Когда он добрался до реки Стюарт, в семидесяти милях от Доусона, пять собак у него погибли, остальные валились с ног.
Сам Расмунсен тоже впрягся и тянул из последних сил.
Но даже и так он едва делал десять миль в день.
Его скулы и нос, много раз обмороженные, почернели, покрылись струпьями; на него было страшно смотреть.

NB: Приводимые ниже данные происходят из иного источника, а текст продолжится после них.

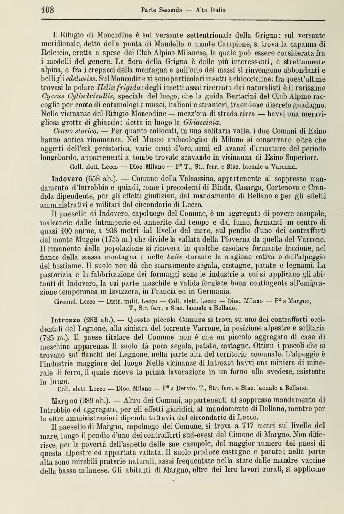 Margno (389 ab.). — Altro dei Comuni, •appartenenti al soppresso mandamento di lntrobbio ed aggregato, per gli effetti giuridici, al mandamento di Bollano, mentre perle altre amministrazioni dipende tuttavia dal circondario di Lecco.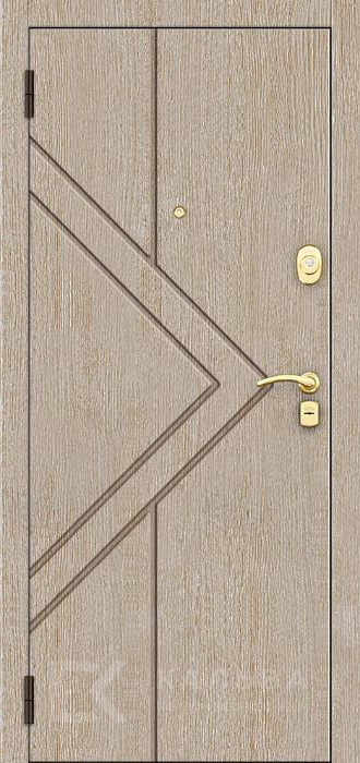 Фото «Железная дверь светлый дуб с диагональным рисунком и панелью орех №105»

Большой палец, который мерз больше других, когда приходилось держаться за поворотный шест, тоже был отморожен и болел.
Ногу, по-прежнему обутую в огромный мокасин, сводила какая-то странная боль.
Последние бобы, давно уже разделенные на порции, кончились у Шестидесятой Мили, но Расмунсен упорно отказывался дотронуться до яиц.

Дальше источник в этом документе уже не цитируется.